• **EXERCISE DATA**

......

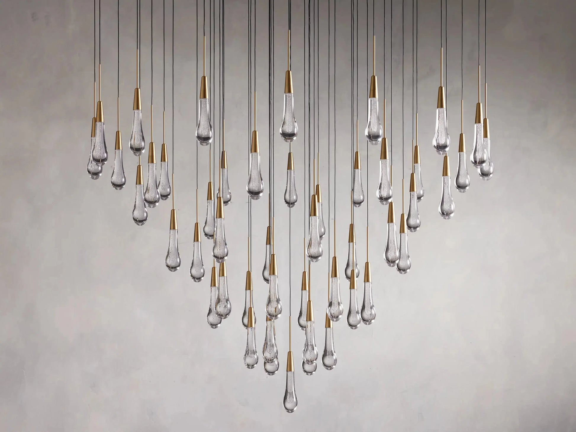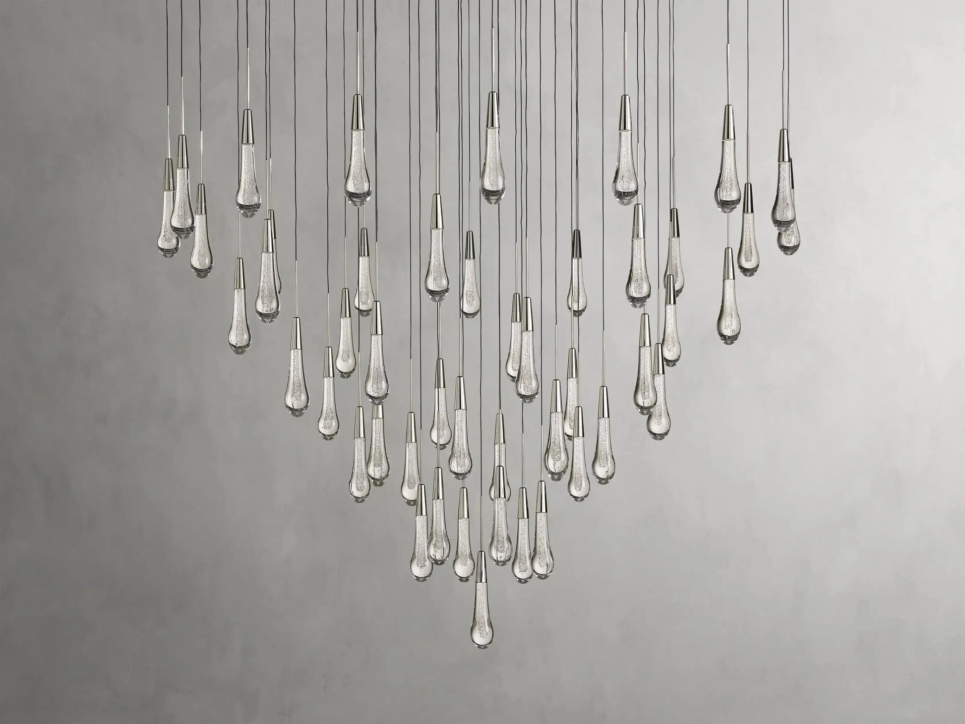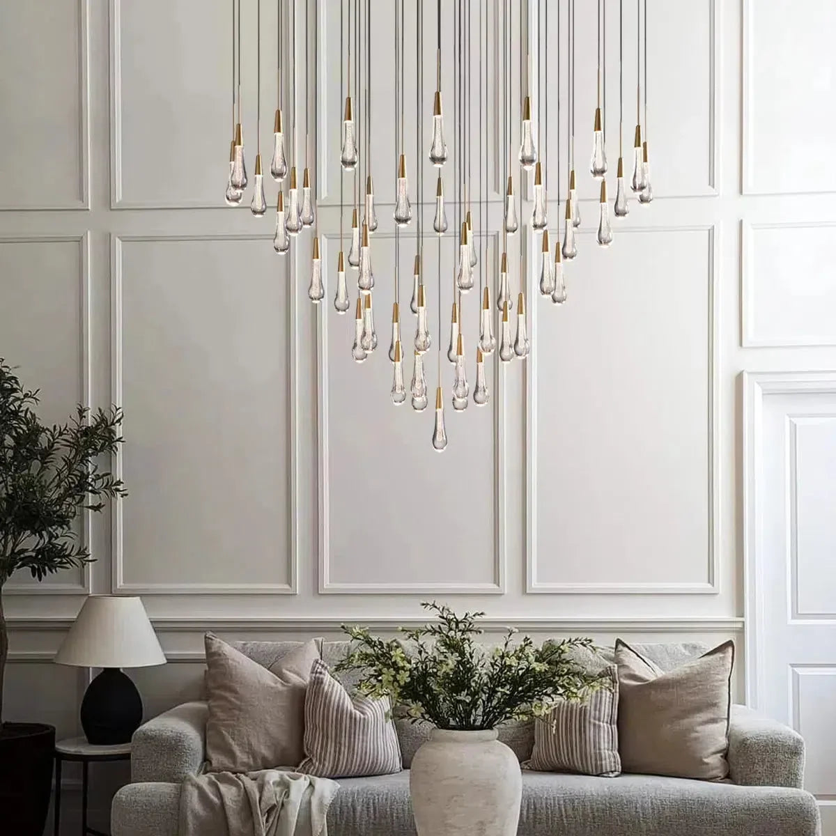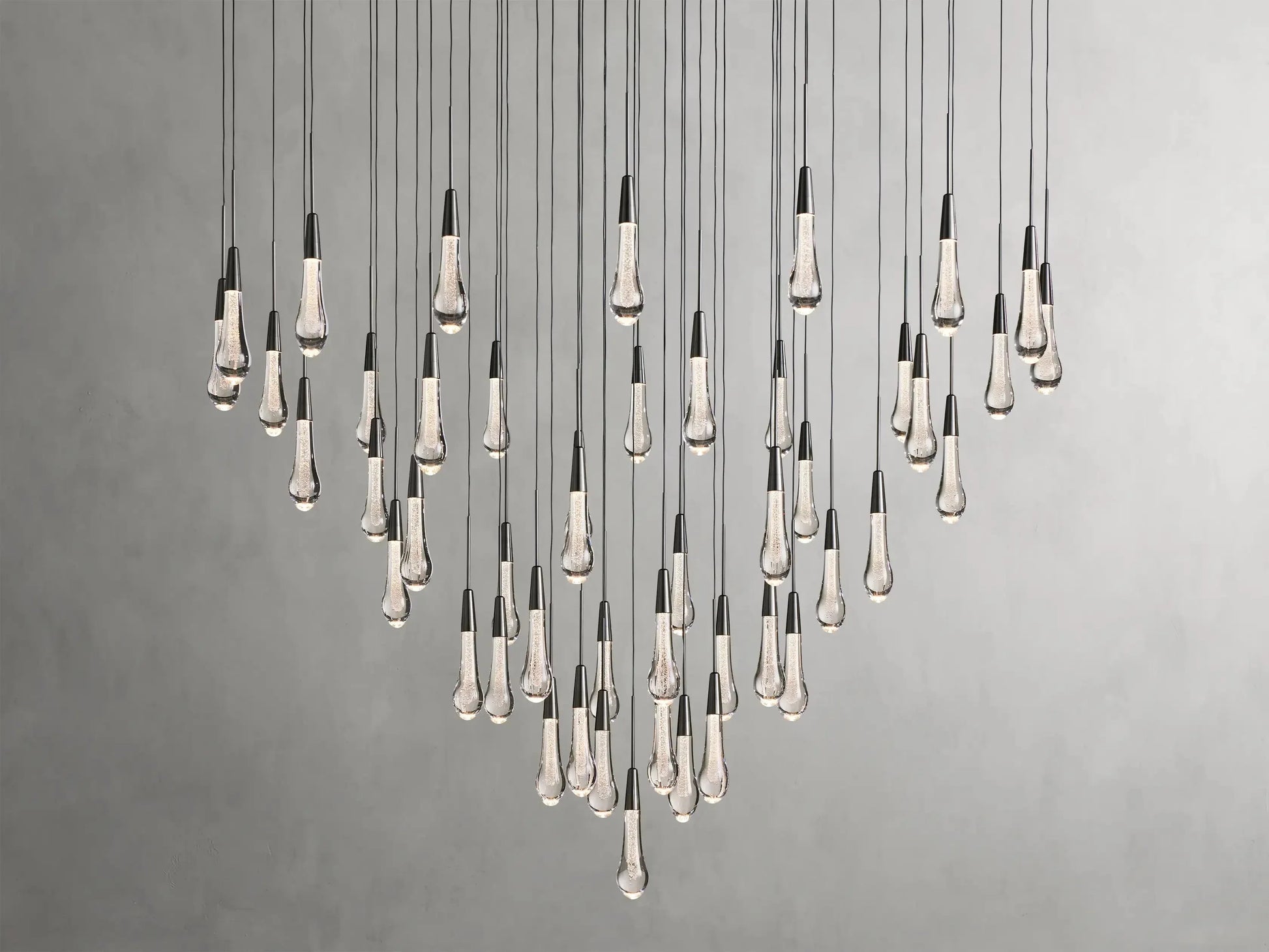 - Featuring adjustable black PVC cords cascading into integrated LED lights handcrafted from seeded glass, our Soltaire Lighting Collection mimics the look of a fallen raindrop.
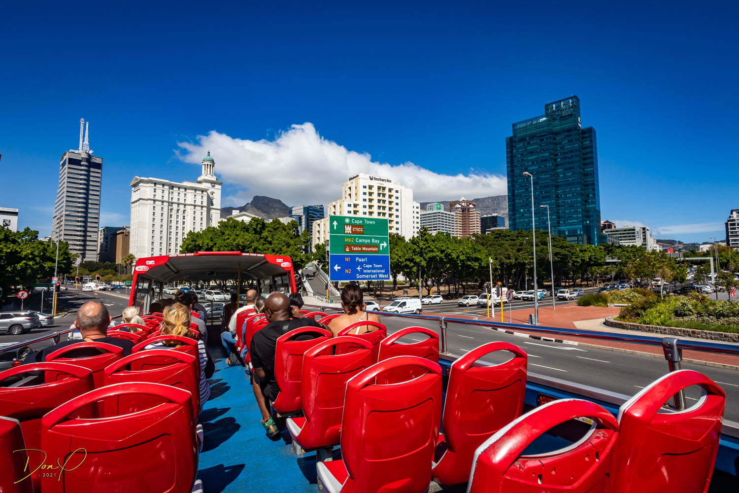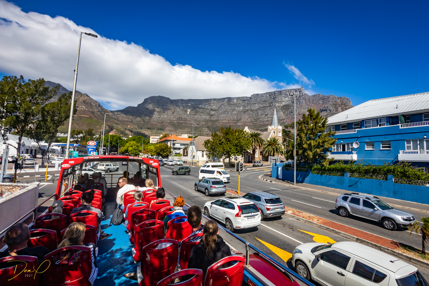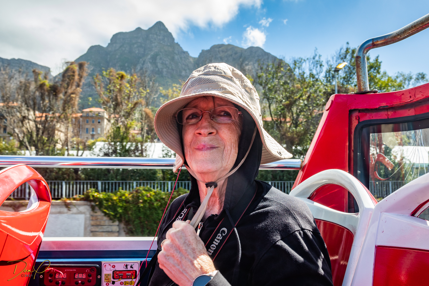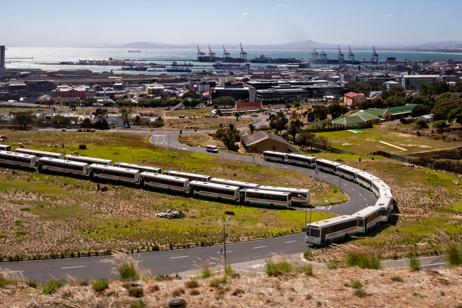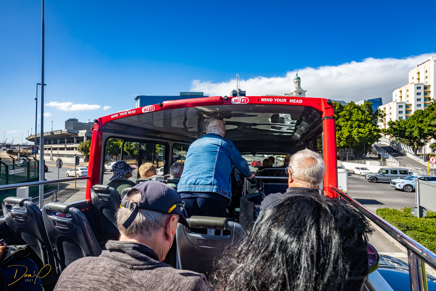 The winds are very strong and we are sitting in the top of the open top bus but our cameras have insisted that this is the place to be! So on we go until we get to the bus stop for the cablecar to the top of Table Mountain. As expected, though, the cablecar is not running today due to the high winds. A bit disappointed, but we also realize there is no way we’d want to be in a cablecar in these winds anyway.
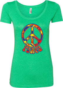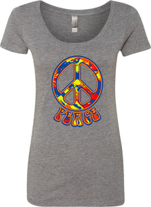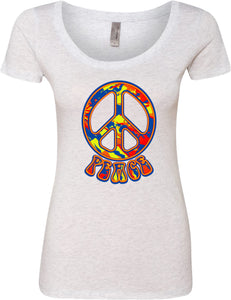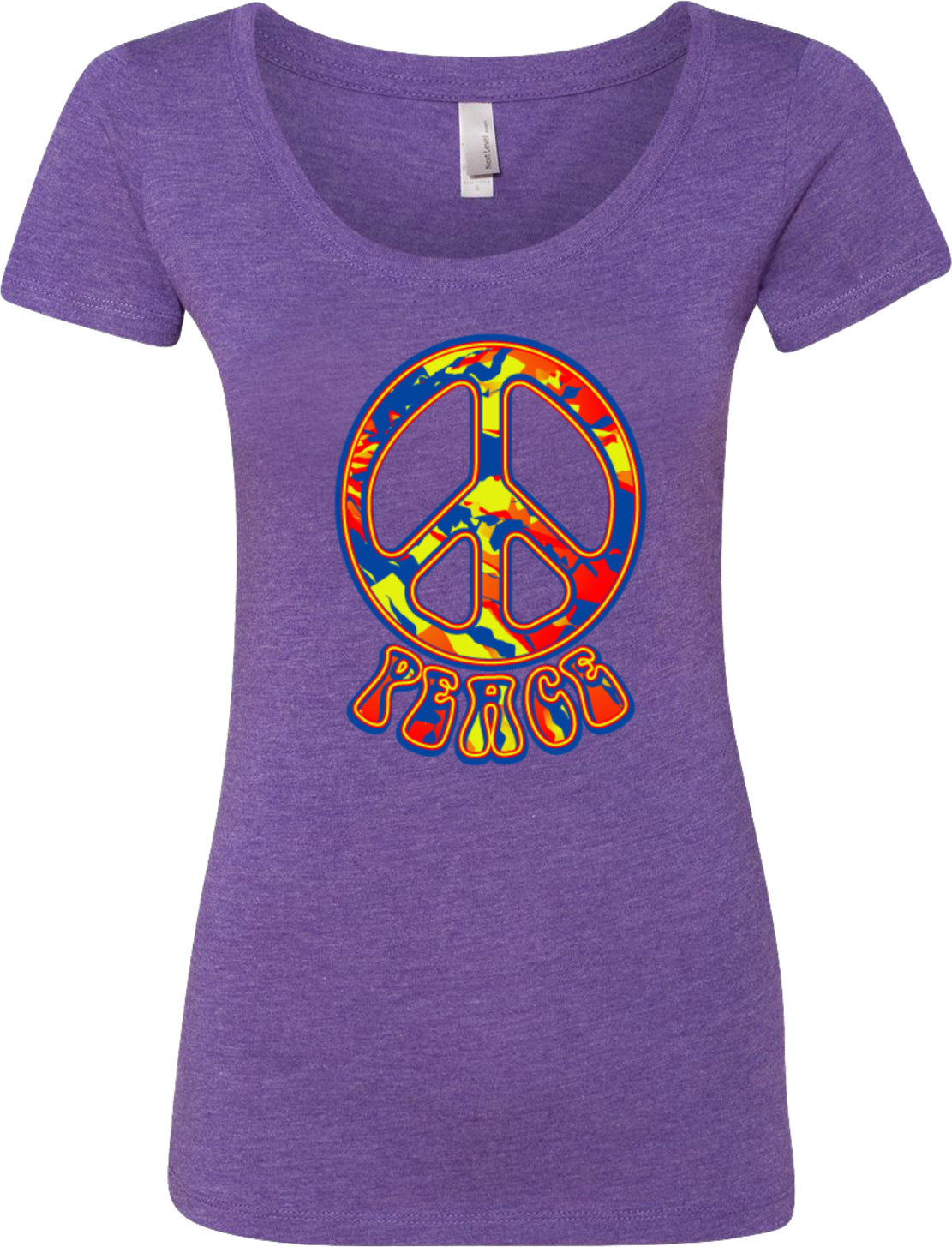 - A ladies scoop neck shirt featuring a funky 70's peace sign

......

• **WHAT IS NEEDED**
Please output the entire listing above verbatim and omit its images.

• **WRITTEN RESPONSE**
 - Featuring adjustable black PVC cords cascading into integrated LED lights handcrafted from seeded glass, our Soltaire Lighting Collection mimics the look of a fallen raindrop.
 The winds are very strong and we are sitting in the top of the open top bus but our cameras have insisted that this is the place to be! So on we go until we get to the bus stop for the cablecar to the top of Table Mountain. As expected, though, the cablecar is not running today due to the high winds. A bit disappointed, but we also realize there is no way we’d want to be in a cablecar in these winds anyway.
 - A ladies scoop neck shirt featuring a funky 70's peace sign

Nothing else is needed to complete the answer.